Again, notice the confidence interval, it goes down to 1.2 and 1.1 on the low end, this is a weakly significant result. But the important fact here is that they don't quote overall mortality, presumably because there was no statistically significant difference. Yes, if you don't have the cancer cut out, you are more likely to die of prostate cancer, but if you have it cut out, apparently it ups the the risk of your dying of something else. Or maybe people die of so many things other than prostate cancer that those numbers swamp the slight increase in prostate cancer deaths in the untreated.
As for your other statements. It's clear that increased access to health care is not always a positive thing. The UK spends half of what we do in the US, per capita on health care, and their citizens have a very similar life expectancy when socio-economic factors are controlled for. I honestly believe that a clean water supply and effective sewage systems, improved infant/childhood nutrition, antibiotics, and advances in trauma surgery are responsible for almost all the gains in life expectancy in the last 100 years. The rest of our bulging health care apparatus does save lives, but at a significant cost, both in money, and in lives. You risk infection just going in to a modern hospital. You also have a significant risk of death due to mistreatment and misdiagnoses.

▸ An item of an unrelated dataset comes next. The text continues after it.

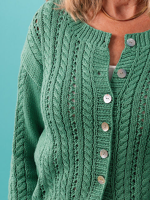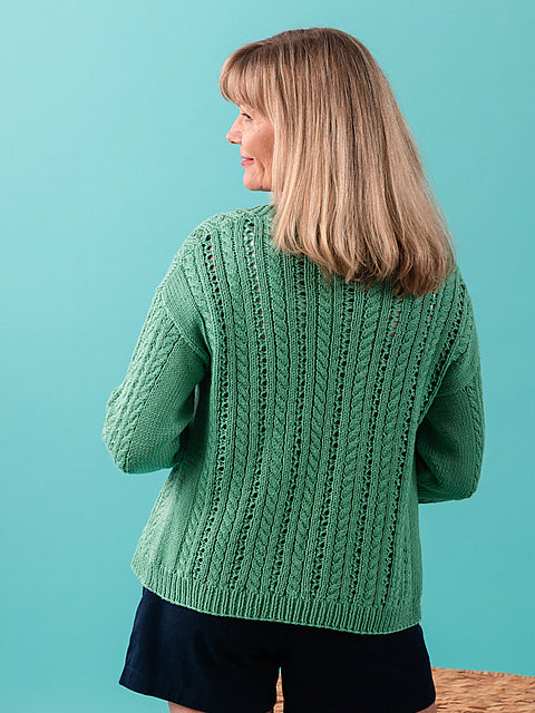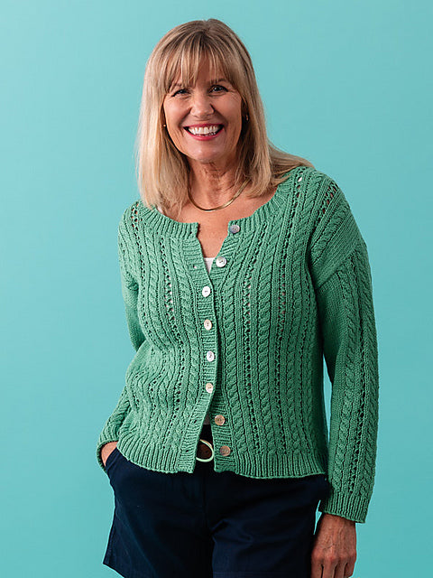 A quintessential summer cardigan with all-over cables and lace elevating its classic shape, Hunter House is high on our must-make list! Each piece is worked separately and seamed to give support to the finished sweater. Enjoy the stay-cool coverage and silky soft feel of Modern Cotton in this elegant layer!

Now, would all this justify racial discrimination in the distribution of health care? Clearly not. But if blacks are culturally predisposed to avoiding the doctor, for whatever reasons, I don't think it's doing them much harm.

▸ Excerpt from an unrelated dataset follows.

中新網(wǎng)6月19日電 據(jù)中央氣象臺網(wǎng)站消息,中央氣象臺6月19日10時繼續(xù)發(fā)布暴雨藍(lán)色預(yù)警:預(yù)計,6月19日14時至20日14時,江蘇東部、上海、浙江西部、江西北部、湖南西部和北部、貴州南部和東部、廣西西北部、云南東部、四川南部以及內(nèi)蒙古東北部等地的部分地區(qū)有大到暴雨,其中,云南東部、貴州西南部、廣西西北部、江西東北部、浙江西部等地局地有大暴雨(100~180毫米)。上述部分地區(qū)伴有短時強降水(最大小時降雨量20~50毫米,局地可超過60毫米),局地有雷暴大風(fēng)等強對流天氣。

I'll ask you this though. As the people in the linked studies had similar health care benefits, how do you explain the differences in treatment? Are thousands of white doctors across the US joining together in a massive conspiracy against the black man?
Fascinating final question ("As the people in the linked studies had similar health care benefits, how do you explain the differences in treatment?"). Rather than respond directly, I will quote "Dr. Otis Brawley, chief medical officer of the American Cancer Society, [who] opined, 'This sort of thing has been a problem in the United States for a long, long time. I think individual racism likely accounts for a small amount of it, but not a large amount. What I would refer to as institutional or societal racism accounts for a much larger component of it.'" He thinks "institutional or societal racism" accounts for differences in treatment, since he can't believe that "individual racism" on part of doctors accounts for more than "a small amount of it". What do you think he was trying to say? Do you think him so obviously ignorant that you can safely ignore his opinion?
As for prostate cancer, you might find Rudy Giuliani's rap interesting, since it shows what can be done with statistics. (He claims survival rates for prostate cancer in United Kingdom were 44%, that survival rates were higher in US because of superior health care, which claim you strongly reject.)
But just to make sure we understand one another, your contention has been that increased access to health care doesn't help any and that black people should consider themselves lucky they don't have access as good as white people. You don't practice Christian Science, do you?